Pis encore, en cas de remariage, la mère perd la garde de son enfant au profit de son ex-mari.
Paradoxalement, le fait que le père de l’enfant se remarie une nouvelle fois, de son côté, ne lui
enlève pas le droit de garde. Force est de reconnaître ainsi que l’esprit d’égalités pour la garde
des enfants après le divorce n’est pas respecté. Il s’agit en fait d’une autre forme de violence à
l’égard de la femme pour la priver de son droit naturel de se remarier, de refonder une famille
et d’avoir une nouvelle vie sentimentale et stable.

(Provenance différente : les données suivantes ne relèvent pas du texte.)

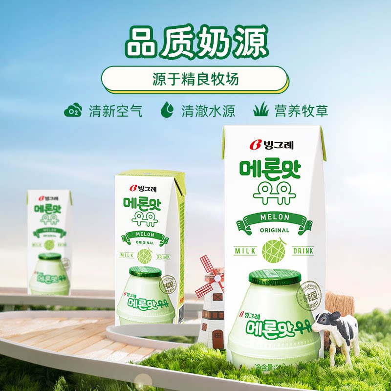 【整箱24盒】宾格瑞哈密瓜味牛奶韩国原装进口果味奶早餐奶200ml

Recommandations / Solutions

Optimiser le bien-être de l'enfant dans le contexte de la garde alternée :

Dans le contexte d'un divorce, la question de la garde des enfants émerge souvent comme le
défi le plus délicat à gérer pour les deux ex-époux. Au-delà des aspects juridiques, la dimension
psychologique revêt une importance cruciale dans le processus de prise de décision. Les parents
doivent impérativement éviter d'impliquer l'enfant dans les conflits qui peuvent surgir durant
cette période délicate. Idéalement, la promotion du mode de garde alternée s'avère être une
solution bénéfique tant sur le plan psychologique que sur le plan du développement de l'enfant.
La garde alternée offre à l'enfant la possibilité de maintenir des liens étroits avec sa mère et son
père, favorisant ainsi un environnement stable et équilibré pour sa croissance. Les deux parents
ont le devoir d'accompagner l'enfant dans son évolution, en mettant de côté les divergences
personnelles au profit de son bien-être.

Sur le plan psychologique, il est essentiel de souligner que le choix de la garde alternée ne
doit pas être perçu comme une forme de punition envers l'un des parents, notamment celui qui
a fait le choix de refaire sa vie. Les parents divorcés ont le droit légitime de reconstruire leur
vie personnelle sans être sujets à la culpabilisation, et cette réalité doit être pleinement reconnue
par toutes les parties impliquées. Il importe de comprendre que l'enfant n'a pas besoin de parents
parfaits, mais plutôt de parents épanouis. Le processus de divorce peut être complexe, mais il
est fondamental que les parents maintiennent leur responsabilité commune envers l'enfant, en
veillant à préserver son équilibre émotionnel et à lui offrir un environnement favorable à son
épanouissement.

Dans cette perspective, les professionnels de la santé mentale, tels que les psychologues ou
les médiateurs familiaux, peuvent jouer un rôle essentiel en aidant les parents à naviguer à
travers les défis émotionnels du divorce et en encourageant des modalités de garde qui
favorisent le bien-être de l'enfant. En favorisant une approche axée sur le respect mutuel, la
communication ouverte et la coopération entre les parents, le processus de divorce peut être
transformé en une opportunité de croissance positive pour tous les membres de la famille, tout
en préservant les droits et le bien-être de l'enfant.

Égalité parentale : Abolir les discriminations de genre dans l'attribution de la tutelle


légale :

L'élimination des discriminations en ce qui concerne la tutelle légale de l'enfant dans le code
de famille marocain est une étape essentielle pour promouvoir l'égalité des sexes et garantir
une approche équitable envers les droits parentaux. Il est primordial de reconnaître que
l'attribution automatique de la tutelle légale au père constitue une discrimination de genre
flagrante. En éliminant cette discrimination, le système juridique peut contribuer à briser les
stéréotypes de genre préjudiciables et favoriser une vision plus inclusive des rôles parentaux.

En abordant spécifiquement la question de la tutelle légale, il est proposé que celle-ci soit
attribuée à celui des parents qui détient la garde de l'enfant. Cette approche repose sur le
principe de l'intérêt supérieur de l'enfant, garantissant une continuité naturelle dans sa vie
quotidienne et un environnement stable. Cette orientation tient compte des réalités familiales
diverses et reconnaît que la garde effective est un indicateur plus pertinent pour déterminer le
parent le mieux qualifié pour assumer la tutelle légale.